Susan and her husband Roger were already in the fairly unusual position of holding a mortgage jointly with their son. As their Interest-Only mortgage was reaching the end of its term, they wanted to secure the capital they had invested in their son’s home by remaining on the mortgage.

They also wanted the new mortgage to be on a reasonable rate and over a reasonable period of time, so they could offer their daughter some help as she searched for her own home.

If this sounds a little complicated already, add into the mix the fact that Susan and her husband are in retirement. Their current lender was able to offer them a seven year term, with monthly payments around £1,300, and that just wasn’t affordable. Between the lacklustre customer service and unacceptable mortgage offers, Susan and Roger found themselves a little bit stuck

“We’ve probably had seven or eight mortgages with our bank over the years, all of which have been paid off. That doesn’t count for anything; they’ve got no history that they can call on.”

How were we able to help?

It was after this setback that Roger remembered reading about the Family Building Society in a national newspaper. The article covered later life lending and the financial institutions who offer products to people of retirement age and above. The Family Building Society has no upper age limit, as all applications are considered on a case by case basis.

When the couple rang, their application was dealt with by a single point of contact who guided them through every step of the process, from start to finish.

"We were offered an 18 year mortgage, which was fantastic as far as we were concerned. It gave us a reasonable repayment amount over a sensible period of time, with a five year fixed rate. This was extremely helpful because the repayments are predictable for five years."

During their application, as luck would have it, a mortgage more suited to their circumstances became available with the Society. Susan and Roger were able to take advantage of that offer even though they had already begun the process of applying for a different product.

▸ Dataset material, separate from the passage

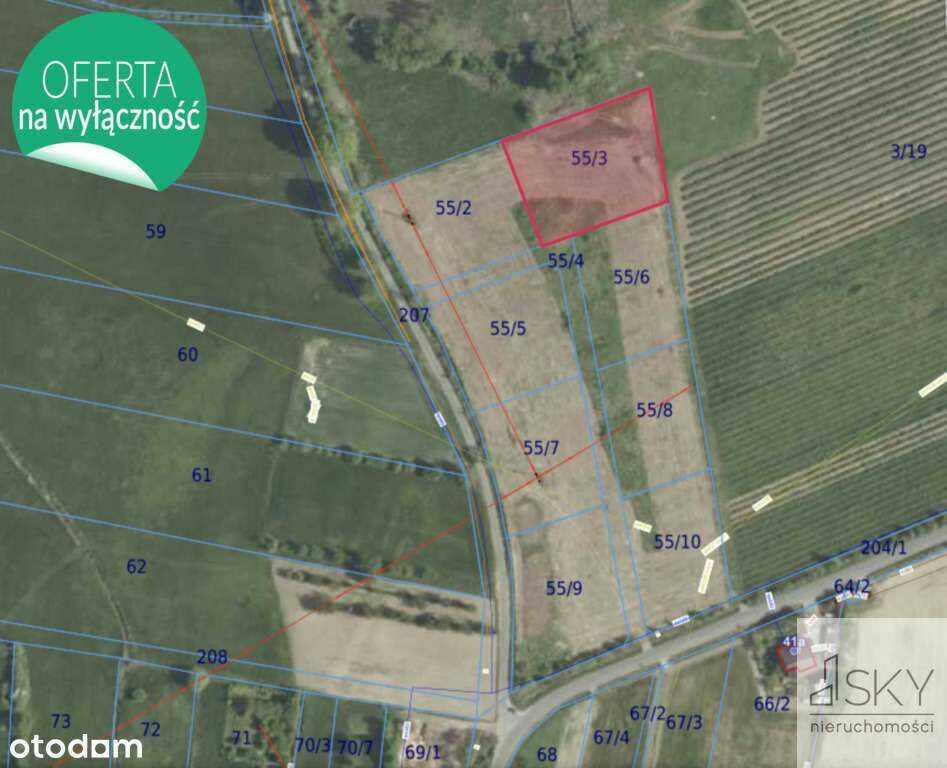 Powierzchnia działki nr 55/3: 3057 m² (cena dotyczy jednej działki)

In the end, the mortgage they took out was exactly what they wanted, with their monthly repayments less than half of what their previous lender was able to offer.

How were we different?

Being financially savvy, Susan and Roger knew that the mortgage offers they were receiving from the high street banks were not the only ones available to them – they were certainly not the most suitable ones for their circumstances either. In their opinion, the bigger banks would prefer to take on a ‘simple’ mortgage than one that was a bit more unconventional.

However, when they approached the Society, they were met with an open mind to their particular needs and an understanding that ‘simple’ mortgages are becoming more and more of a rare breed.

"Depending on your circumstances, look around and see what’s available. There are certainly more flexible options open to you than just what the high street banks are offering."

For privacy reasons, the names in this case study have been changed.